Your goal: Return all the entries exactly, keeping pictures out.

─── Data extract

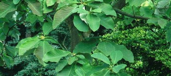 Листья большие, обратнояйцевидной формы, кожистые, до 30 - 40 см в длину. Широкие у основания и заострённые в окончании, у основания имеют зелёный цвет, а ближе к концам – сизый. Молодая листва опушённая, но с возрастом становится гладкой. Листья собраны по 9-10 штук.
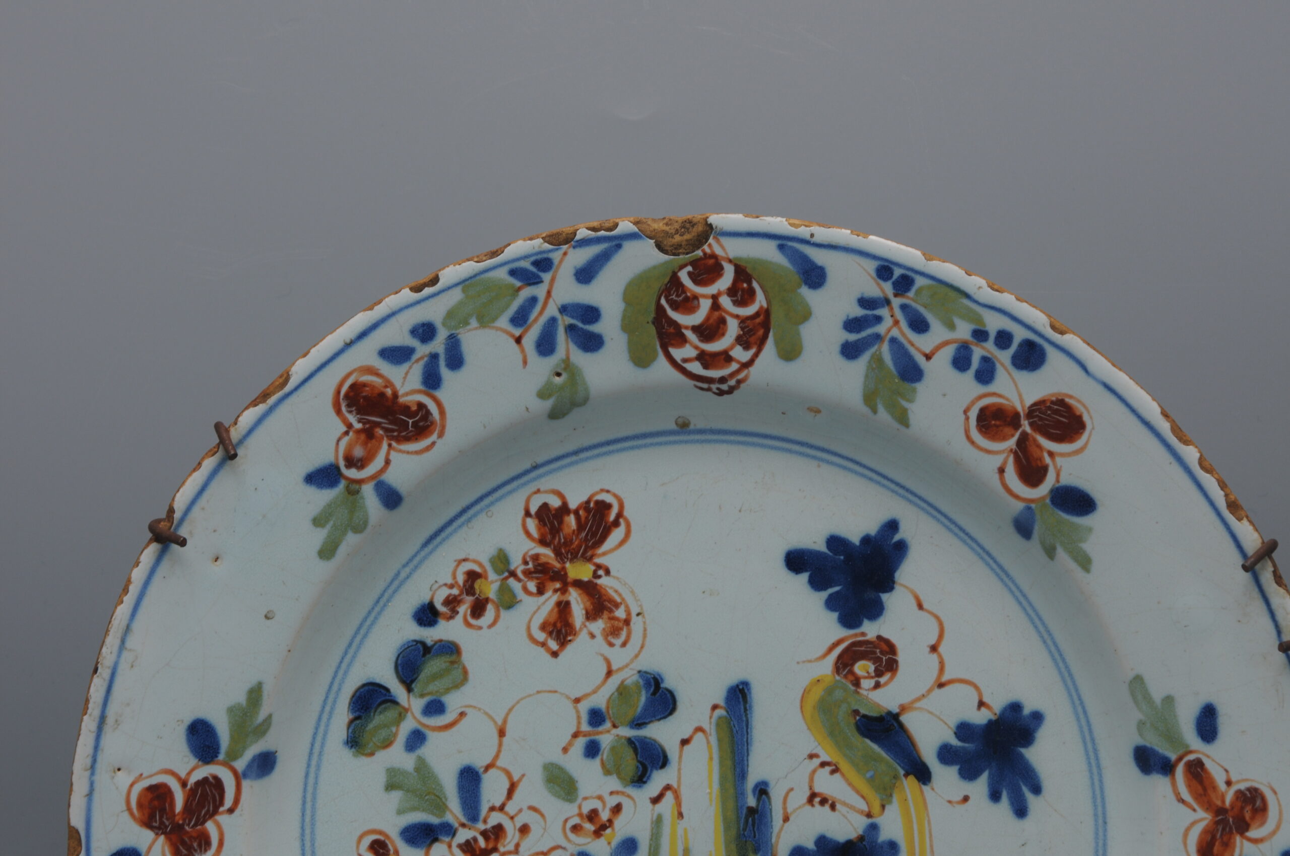 Lambeth London – English Delftware Parrot Plate, mid 18th century
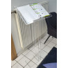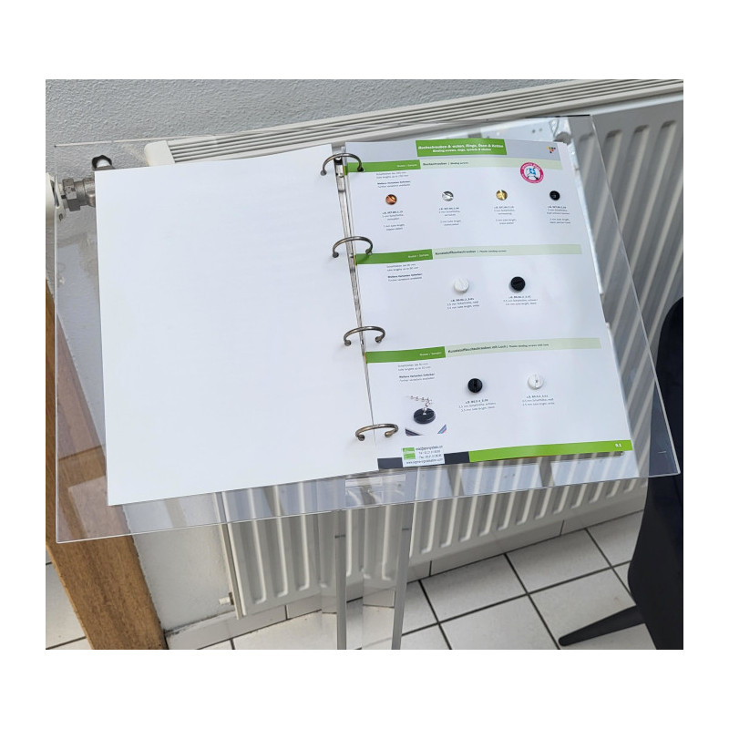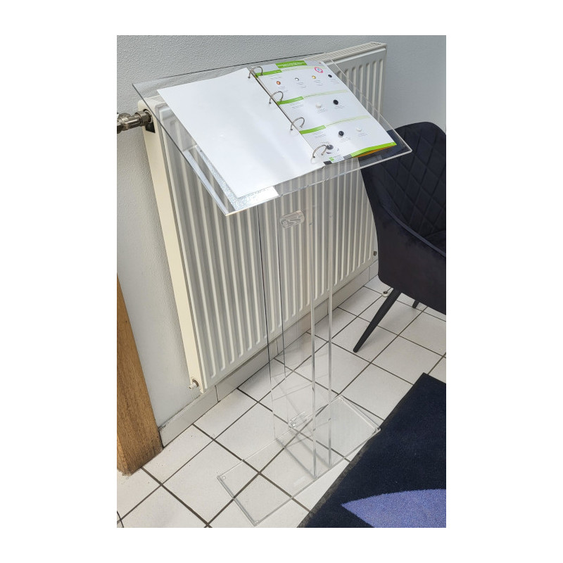 Réalisation d'un pupitre en plexiglas transparent à poser au sol avec quatre anneaux type classeur, idéal pour présenter des documents ou brochures à consulter sur place
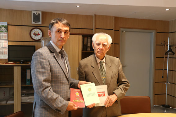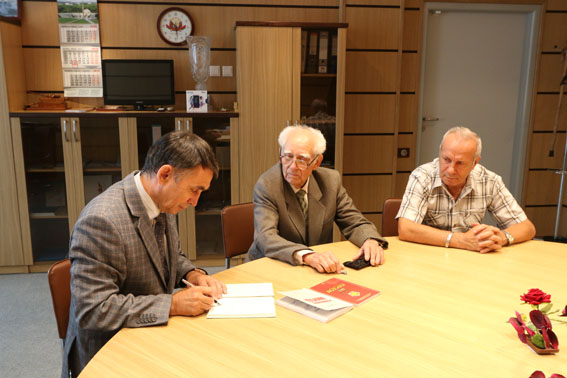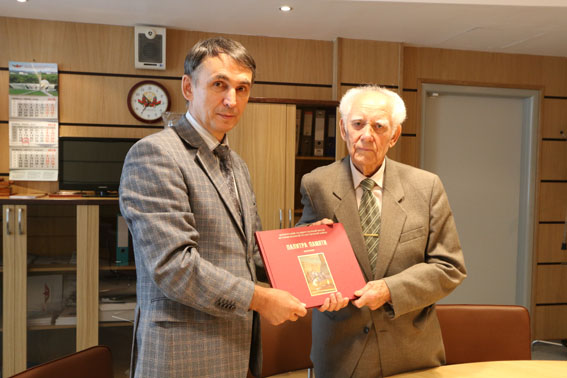 Директор Белорусского государственного музея истории Великой Отечественной войны Николай Витальевич Скобелев поблагодарил генерал-майора в отставке Александра Федоровича Феня за подаренные книги-воспоминания, активную работу по пропаганде боевых традиций белорусского народа и его Вооруженных Сил, участие в патриотических мероприятиях, проводимых в музее, и вручил заслуженному ветерану памятный сувенир.
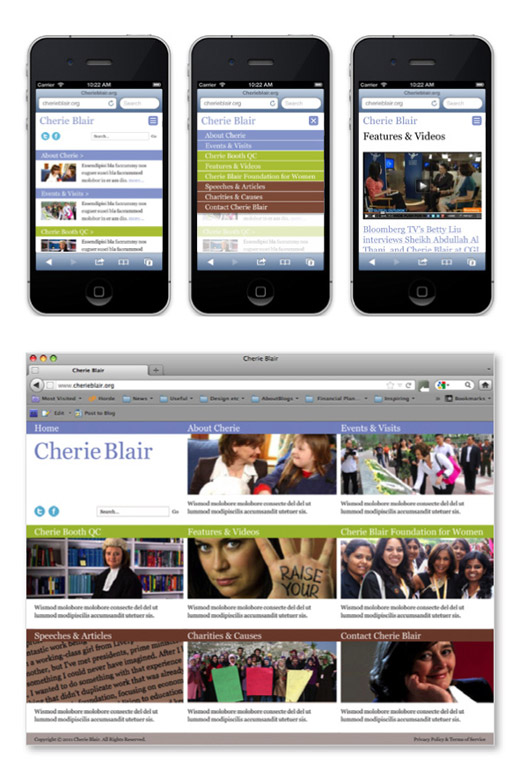 An active barrister since 1976 and a diligent campaigner on human right issues, Cherie Blair has spoken across the world on this topic and is closely involved with over 20 charities devoted to women, children and human rights. After leaving Downing Street no.10 in 2007, she asked us to design a website to promote this work and serve as a networking platform.
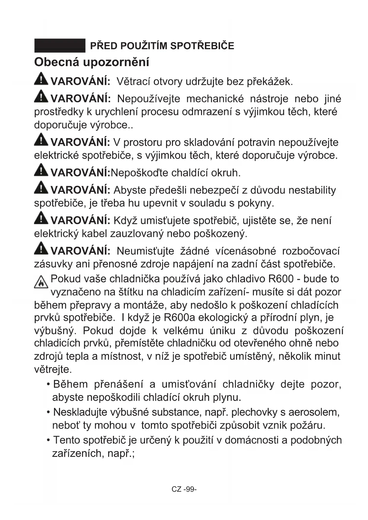 - ČÁSTI SPOTŘEBIČE A PŘÍSLUŠENSTVÍ CZ -99- PŘED POUŽITÍM SPOTŘEBIČE ČÁST - 1. Obecná upozornění VAROVÁNÍ: Větrací otvory udržujte bez překážek. VAROVÁNÍ: Nepoužívejte mechanické nástroje nebo jiné prostředky k urychlení procesu odmrazení s výjimkou těch, které doporučuje výrobce VAROVÁNÍ: V prostoru pro skladování potravin nepoužívejte elektrické spotřebiče, s výjimkou těch, které doporučuje výrobce. VAROVÁNÍ:Nepoškoďte chaldící okruh. VAROVÁNÍ: Abyste předešli nebezpečí z důvodu nestability spotřebiče, je třeba hu upevnit v souladu s pokyny. VAROVÁNÍ: Když umisťujete spotřebič, ujistěte se, že není elektrický kabel zauzlovaný nebo poškozený. VAROVÁNÍ: Neumisťujte žádné vícenásobné rozbočovací zásuvky ani přenosné zdroje napájení na zadní část spotřebiče. Pokud vaše chladnička používá jako chladivo R600 - bude to vyznačeno na štítku na chladicím zařízení- musíte si dát pozor během přepravy a montáže, aby nedošlo k poškození chladících prvků spotřebiče. I když je R600a ekologický a přírodní plyn, je výbušný. Pokud dojde k velkému úniku z důvodu poškození chladicích prvků, přemístěte chladničku od otevřeného ohně nebo zdrojů tepla a místnost, v níž je spotřebič umístěný, několik minut větrejte. p. 119
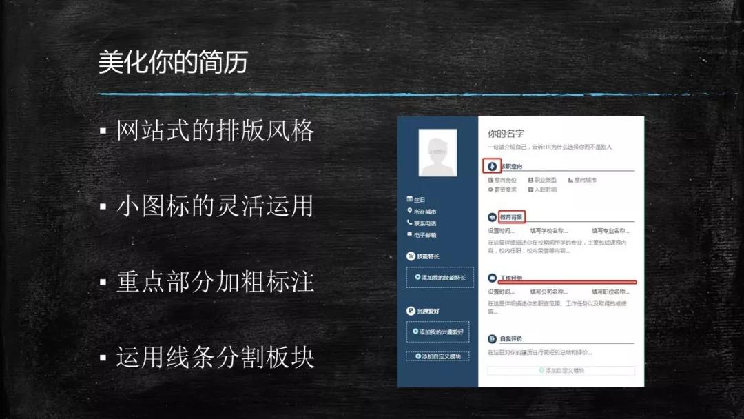 简历美化: 一些网站或APP的UI设计可以给大家美化自己的简历提供一些思路,包括灵活运用背景色与小图标,使用加黑或加粗的方式突出重点,灵活使用黑线条分割栏目等等。
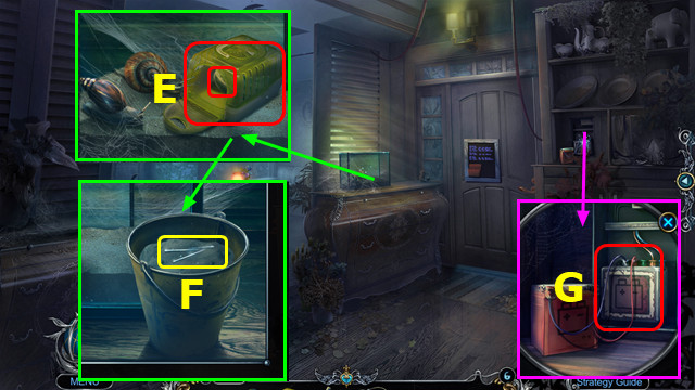 - Use CUE; take WATER, HAMMER, and SPRING (F).
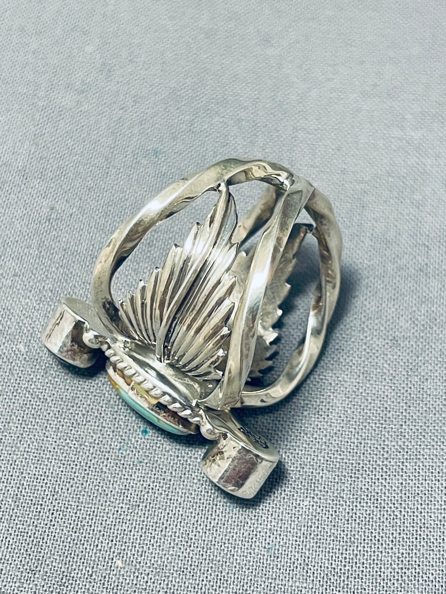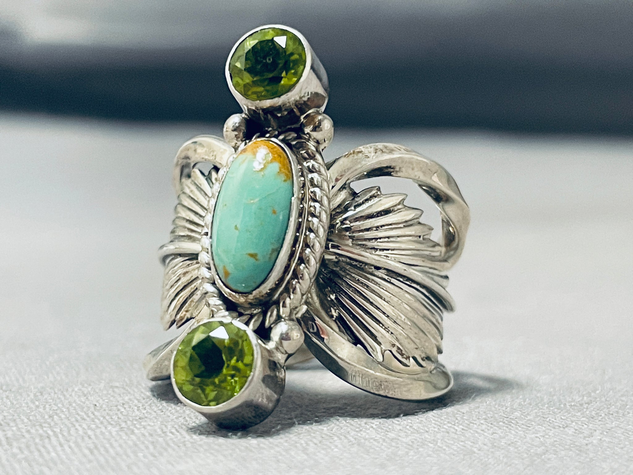 Exquisite Native American Navajo Royston Turquoise Peridot Sterling Silver Gigantic Ring
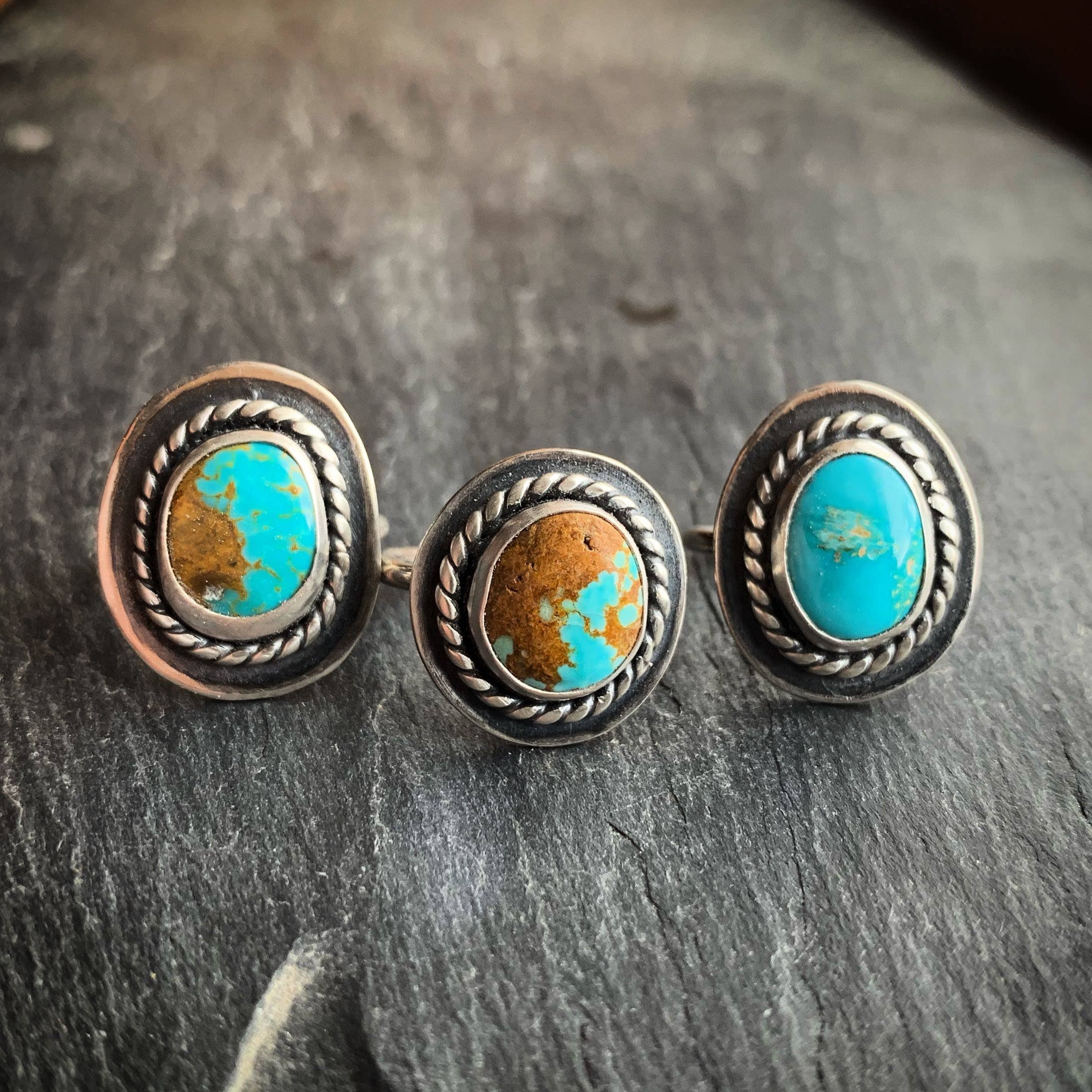 This sterling silver ring features a piece of American Turquoise, known for its color ranges of blues, greens, browns and blacks. Each silver design element of each ring is made by hand and soldered together. The Turquoise in each ring will vary in color, pattern, shape and sometimes slightly in size. Material: Sterling silver, American Turquoise. Size: Each ring measures approximately 1" in length, but may vary depending on stone shape.
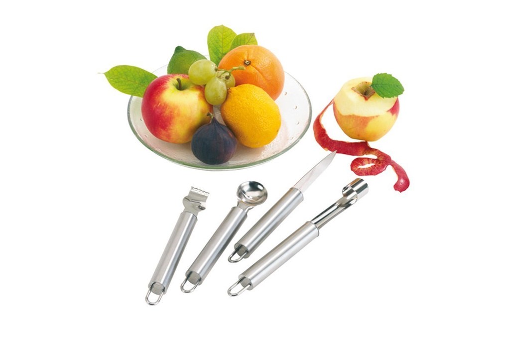 Fruit cutlery set "Fruit" consists of an orange knife, lemon grater, pulp spoon and apple corer, all have a practical loop to hang up
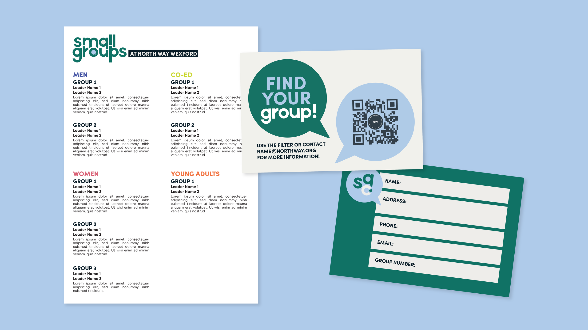 Below is the Small Group Connect rebrand and marketing collateral, a project developed by the North Way Creative Team and executed by me.
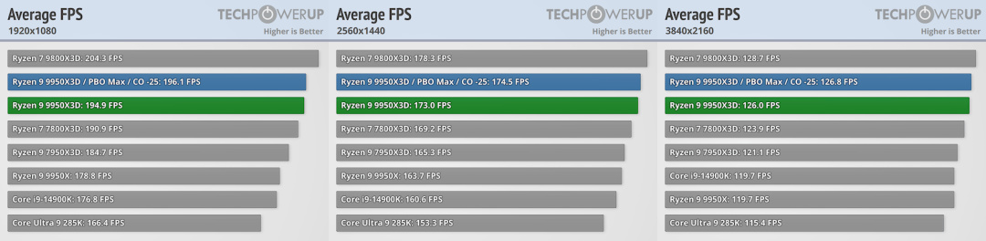 CPU平均帧对比(9950X3D基准)来源:techpowerup
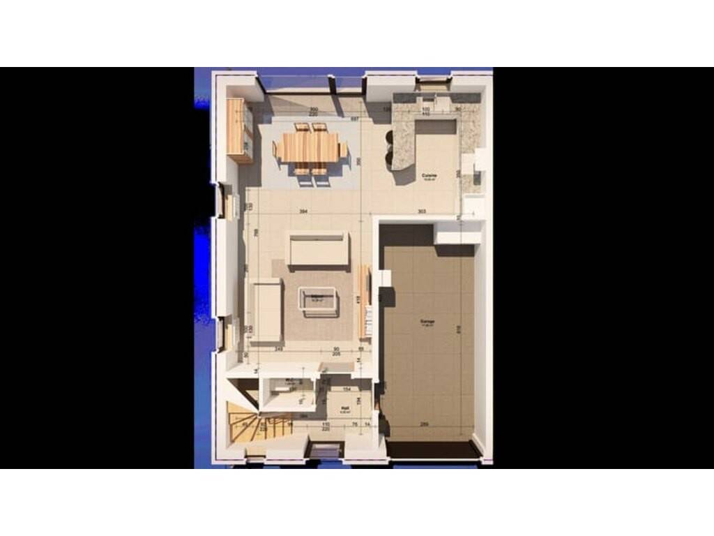 Au rez-de-chaussée : • Hall d’entrée avec WC indépendant • Séjour lumineux ouvert sur la cuisine • Cuisine • Garage avec buanderie • Jardin • Terrasse

──────

Completed task:
 Листья большие, обратнояйцевидной формы, кожистые, до 30 - 40 см в длину. Широкие у основания и заострённые в окончании, у основания имеют зелёный цвет, а ближе к концам – сизый. Молодая листва опушённая, но с возрастом становится гладкой. Листья собраны по 9-10 штук.
 Lambeth London – English Delftware Parrot Plate, mid 18th century
 Réalisation d'un pupitre en plexiglas transparent à poser au sol avec quatre anneaux type classeur, idéal pour présenter des documents ou brochures à consulter sur place
 Директор Белорусского государственного музея истории Великой Отечественной войны Николай Витальевич Скобелев поблагодарил генерал-майора в отставке Александра Федоровича Феня за подаренные книги-воспоминания, активную работу по пропаганде боевых традиций белорусского народа и его Вооруженных Сил, участие в патриотических мероприятиях, проводимых в музее, и вручил заслуженному ветерану памятный сувенир.
 An active barrister since 1976 and a diligent campaigner on human right issues, Cherie Blair has spoken across the world on this topic and is closely involved with over 20 charities devoted to women, children and human rights. After leaving Downing Street no.10 in 2007, she asked us to design a website to promote this work and serve as a networking platform.
 - ČÁSTI SPOTŘEBIČE A PŘÍSLUŠENSTVÍ CZ -99- PŘED POUŽITÍM SPOTŘEBIČE ČÁST - 1. Obecná upozornění VAROVÁNÍ: Větrací otvory udržujte bez překážek. VAROVÁNÍ: Nepoužívejte mechanické nástroje nebo jiné prostředky k urychlení procesu odmrazení s výjimkou těch, které doporučuje výrobce VAROVÁNÍ: V prostoru pro skladování potravin nepoužívejte elektrické spotřebiče, s výjimkou těch, které doporučuje výrobce. VAROVÁNÍ:Nepoškoďte chaldící okruh. VAROVÁNÍ: Abyste předešli nebezpečí z důvodu nestability spotřebiče, je třeba hu upevnit v souladu s pokyny. VAROVÁNÍ: Když umisťujete spotřebič, ujistěte se, že není elektrický kabel zauzlovaný nebo poškozený. VAROVÁNÍ: Neumisťujte žádné vícenásobné rozbočovací zásuvky ani přenosné zdroje napájení na zadní část spotřebiče. Pokud vaše chladnička používá jako chladivo R600 - bude to vyznačeno na štítku na chladicím zařízení- musíte si dát pozor během přepravy a montáže, aby nedošlo k poškození chladících prvků spotřebiče. I když je R600a ekologický a přírodní plyn, je výbušný. Pokud dojde k velkému úniku z důvodu poškození chladicích prvků, přemístěte chladničku od otevřeného ohně nebo zdrojů tepla a místnost, v níž je spotřebič umístěný, několik minut větrejte. p. 119
 简历美化: 一些网站或APP的UI设计可以给大家美化自己的简历提供一些思路,包括灵活运用背景色与小图标,使用加黑或加粗的方式突出重点,灵活使用黑线条分割栏目等等。
 - Use CUE; take WATER, HAMMER, and SPRING (F).
 Exquisite Native American Navajo Royston Turquoise Peridot Sterling Silver Gigantic Ring
 This sterling silver ring features a piece of American Turquoise, known for its color ranges of blues, greens, browns and blacks. Each silver design element of each ring is made by hand and soldered together. The Turquoise in each ring will vary in color, pattern, shape and sometimes slightly in size. Material: Sterling silver, American Turquoise. Size: Each ring measures approximately 1" in length, but may vary depending on stone shape.
 Fruit cutlery set "Fruit" consists of an orange knife, lemon grater, pulp spoon and apple corer, all have a practical loop to hang up
 Below is the Small Group Connect rebrand and marketing collateral, a project developed by the North Way Creative Team and executed by me.
 CPU平均帧对比(9950X3D基准)来源:techpowerup
 Au rez-de-chaussée : • Hall d’entrée avec WC indépendant • Séjour lumineux ouvert sur la cuisine • Cuisine • Garage avec buanderie • Jardin • Terrasse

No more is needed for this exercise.